- Work instruction:
Reproduce the records. Keep every word exact and include no images.

- Entries shown:
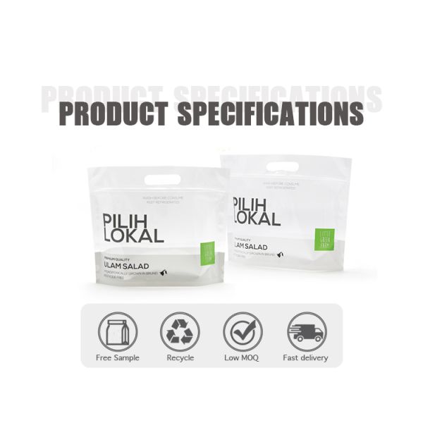 OEM Logo Clear Zip Lock Plastic Bags Lettuce Vegetables Packaging Bags with Stand Up Bottom Fresh Fruits Pouch
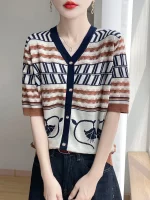 25 뉴 여름 짧은 소매 Lyocell 가짜 카디건 v 넥 쿨 티셔츠 여성 고급 티셔츠 패션 편안한 레저 티셔츠
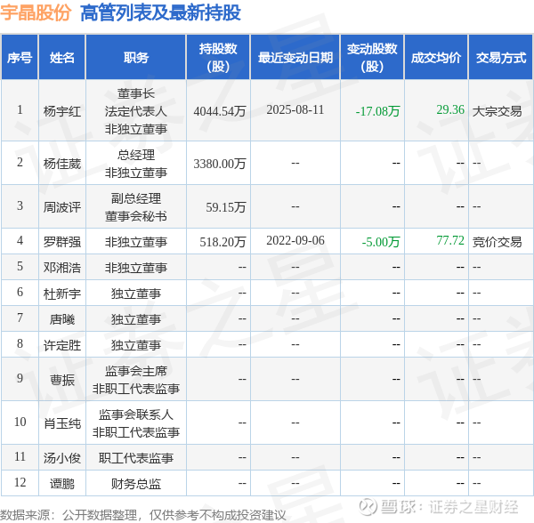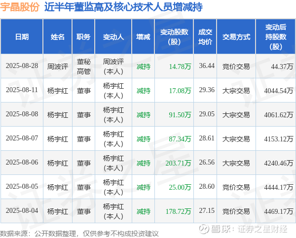 宇晶股份近半年内的董监高及核心技术人员增减持详情如下:
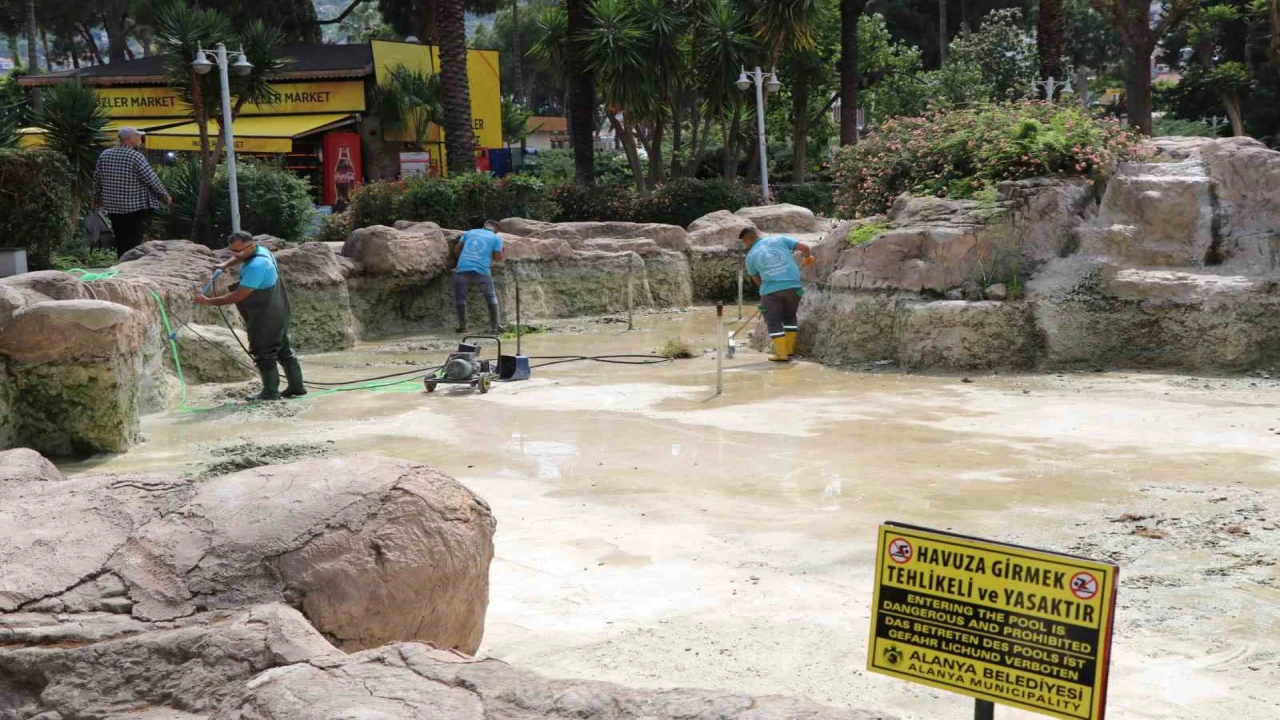 Alanya Belediyesi Park ve Bahçeler Müdürlüğü, kent genelindeki parklarda bulunan süs havuzlarında hummalı bir çalışma sürdürüyor. Bakımları yapılan ve yenilenen havuzlar, yaz sezonuna hazırlanıyor.
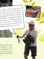 มร. โทมิโอ ฟุกุสุมิ ได้กล่ำวถึงควำมส�ำคัญ ของกิจกรรมนี้ว่ำ “นอกจำกกำรที่บริดจสโตนและ ผู้ร่วมกิจกรรมจะได้ลงแรงในกำรท�ำประโยชน์เพื่อ สังคมร่วมกันแล้ว กิจกรรมนี้ ยังช่วยกระตุ้นให้เรำ ทุกคนได้เห็นถึงควำมส�ำคัญของพืชอำหำร ซึ่งเป็น เรื่องควำมมั่นคงทำงอำหำรที่ทั่วโลกต่ำงให้ควำม กังวล หำกในอนำคตเรำจะประสบปัญหำในด้ำน นี้กันมำกขึ้น และในประเทศไทยมีข้ำว ซึ่งเป็น พืชพันธุ์ที่นับว่ำเป็นหัวใจแห่งอำหำรของโลก” กิจกรรม Green Hands Special รวมใจพลิกฟื้นวิถีไทย ร่วมใจลงแรง...ด�ำนำ ซึ่งน�ำโดย มร. โทมิโอ ฟุกุสุมิ กรรมกำรผู้จัดกำร บริษัท ไทยบริดจสโตน จ�ำกัด พร้อมด้วยผู้ร่วมกิจกรรมกว่ำ 300 คนจำกทั้งผู้บริหำร พนักงำน บริดจสโตน ตัวแทนชุมชน นักศึกษำซึ่งได้รับทุนไทยบริดจสโตนจำก 12 มหำวิทยำลัย แฟนคลับนิตยสำรสำรคดี นักข่ำว คณะครูและนักเรียนได้ร่วมกันด�ำนำเพื่อสร้ำงสรรค์ประโยชน์ให้กับโรงเรียน ซึ่งเมื่อครบ 105 วันโดยประมำณ ข้ำวที่ปลูกก็จะแตกรวงสุกเหลืองเป็นสีทองพร้อมที่จะเก็บเกี่ยว รำยได้จำกกำรจ�ำหน่ำยผลผลิตจะเป็นประโยชน์เพื่อ กำรจัดซื้ออุปกรณ์กำรศึกษำให้กับโรงเรียนชุมชนวัดหน้ำไม้ สมดังเจตนำรมณ์ของโครงกำร
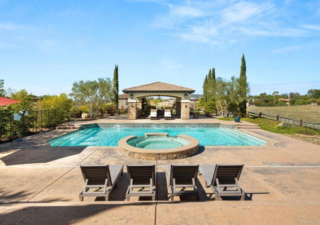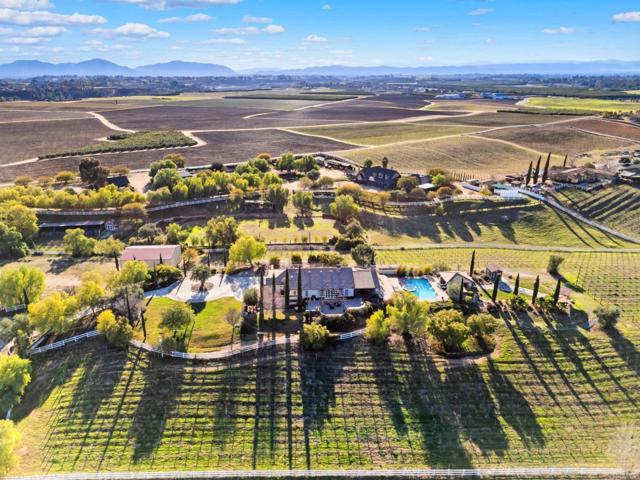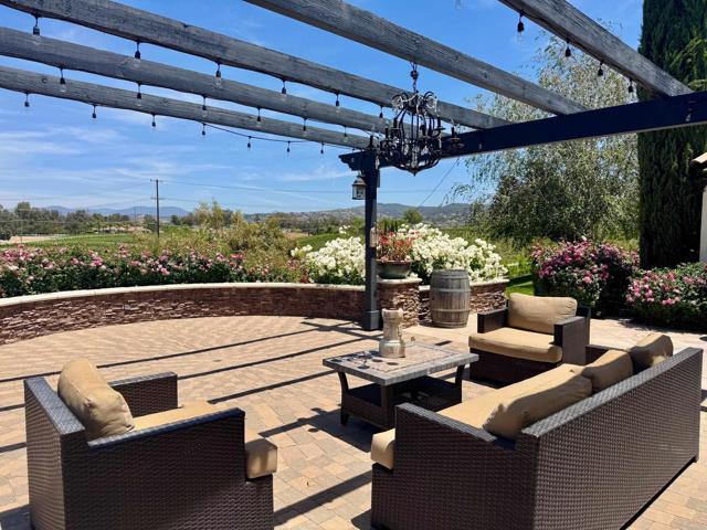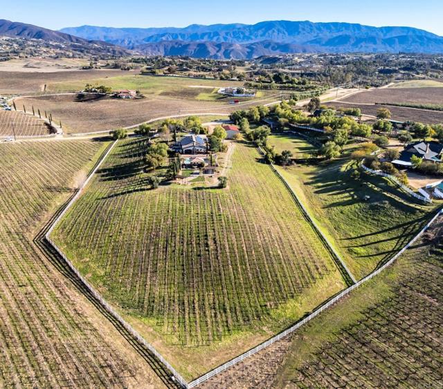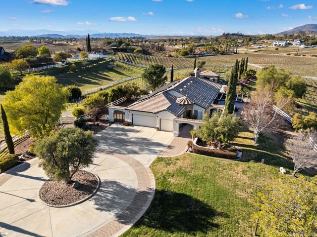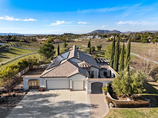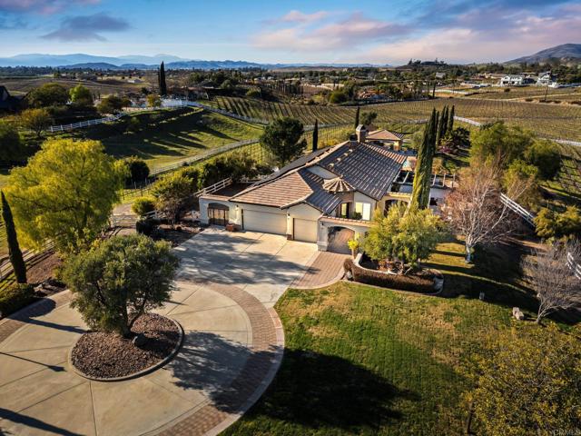 $136,000 Price Drop!! Come experience wine country living at its finest with this breathtaking Wine Country Luxury Vineyard Estate spanning 5.39-acres. Perfectly perched on a bluff in the heart of Temecula Wine Country. Surrounded by walkable award-winning wineries, rolling hills, and stunning sunset views, this exclusive retreat offers an unparalleled blend of elegance and tranquility. Step inside this beautifully designed 3-bedroom, 2-bathroom home, where an open-concept floor plan welcomes you with refined finishes and effortless indoor-outdoor flow. The gourmet chef s kitchen, complete with top-tier appliances and an oversized island. This home is perfect for entertaining, a small private wedding, fun get togethers or enjoying a glass of your own estate-grown Cabernet Sauvignon. Outside you will find a sprawling covered patio with a grand stone fireplace for unforgettable evenings, overlooking your very own 3800 Cabernet Sauvignon vines, a resort-style 40,000-gallon pool, and spa along with a fully covered outdoor living room complete with built in bbq. A private vineyard-side studio offers endless possibilities art retreat, meditation room among the vines, or office while the 40x50 barn with a climate-controlled "wine room" adds to the estate s exceptional amenities. Equipped with solar power and agricultural water rates, this estate is as sustainable as it is stunning. Wake up to hot air balloons floating overhead, sip wine by sunset, and embrace the magic of vineyard living in this one of a kind dream property.Interested in this Listing?

- Exercise response:
 OEM Logo Clear Zip Lock Plastic Bags Lettuce Vegetables Packaging Bags with Stand Up Bottom Fresh Fruits Pouch
 25 뉴 여름 짧은 소매 Lyocell 가짜 카디건 v 넥 쿨 티셔츠 여성 고급 티셔츠 패션 편안한 레저 티셔츠
 宇晶股份近半年内的董监高及核心技术人员增减持详情如下:
 Alanya Belediyesi Park ve Bahçeler Müdürlüğü, kent genelindeki parklarda bulunan süs havuzlarında hummalı bir çalışma sürdürüyor. Bakımları yapılan ve yenilenen havuzlar, yaz sezonuna hazırlanıyor.
 มร. โทมิโอ ฟุกุสุมิ ได้กล่ำวถึงควำมส�ำคัญ ของกิจกรรมนี้ว่ำ “นอกจำกกำรที่บริดจสโตนและ ผู้ร่วมกิจกรรมจะได้ลงแรงในกำรท�ำประโยชน์เพื่อ สังคมร่วมกันแล้ว กิจกรรมนี้ ยังช่วยกระตุ้นให้เรำ ทุกคนได้เห็นถึงควำมส�ำคัญของพืชอำหำร ซึ่งเป็น เรื่องควำมมั่นคงทำงอำหำรที่ทั่วโลกต่ำงให้ควำม กังวล หำกในอนำคตเรำจะประสบปัญหำในด้ำน นี้กันมำกขึ้น และในประเทศไทยมีข้ำว ซึ่งเป็น พืชพันธุ์ที่นับว่ำเป็นหัวใจแห่งอำหำรของโลก” กิจกรรม Green Hands Special รวมใจพลิกฟื้นวิถีไทย ร่วมใจลงแรง...ด�ำนำ ซึ่งน�ำโดย มร. โทมิโอ ฟุกุสุมิ กรรมกำรผู้จัดกำร บริษัท ไทยบริดจสโตน จ�ำกัด พร้อมด้วยผู้ร่วมกิจกรรมกว่ำ 300 คนจำกทั้งผู้บริหำร พนักงำน บริดจสโตน ตัวแทนชุมชน นักศึกษำซึ่งได้รับทุนไทยบริดจสโตนจำก 12 มหำวิทยำลัย แฟนคลับนิตยสำรสำรคดี นักข่ำว คณะครูและนักเรียนได้ร่วมกันด�ำนำเพื่อสร้ำงสรรค์ประโยชน์ให้กับโรงเรียน ซึ่งเมื่อครบ 105 วันโดยประมำณ ข้ำวที่ปลูกก็จะแตกรวงสุกเหลืองเป็นสีทองพร้อมที่จะเก็บเกี่ยว รำยได้จำกกำรจ�ำหน่ำยผลผลิตจะเป็นประโยชน์เพื่อ กำรจัดซื้ออุปกรณ์กำรศึกษำให้กับโรงเรียนชุมชนวัดหน้ำไม้ สมดังเจตนำรมณ์ของโครงกำร
 $136,000 Price Drop!! Come experience wine country living at its finest with this breathtaking Wine Country Luxury Vineyard Estate spanning 5.39-acres. Perfectly perched on a bluff in the heart of Temecula Wine Country. Surrounded by walkable award-winning wineries, rolling hills, and stunning sunset views, this exclusive retreat offers an unparalleled blend of elegance and tranquility. Step inside this beautifully designed 3-bedroom, 2-bathroom home, where an open-concept floor plan welcomes you with refined finishes and effortless indoor-outdoor flow. The gourmet chef s kitchen, complete with top-tier appliances and an oversized island. This home is perfect for entertaining, a small private wedding, fun get togethers or enjoying a glass of your own estate-grown Cabernet Sauvignon. Outside you will find a sprawling covered patio with a grand stone fireplace for unforgettable evenings, overlooking your very own 3800 Cabernet Sauvignon vines, a resort-style 40,000-gallon pool, and spa along with a fully covered outdoor living room complete with built in bbq. A private vineyard-side studio offers endless possibilities art retreat, meditation room among the vines, or office while the 40x50 barn with a climate-controlled "wine room" adds to the estate s exceptional amenities. Equipped with solar power and agricultural water rates, this estate is as sustainable as it is stunning. Wake up to hot air balloons floating overhead, sip wine by sunset, and embrace the magic of vineyard living in this one of a kind dream property.Interested in this Listing?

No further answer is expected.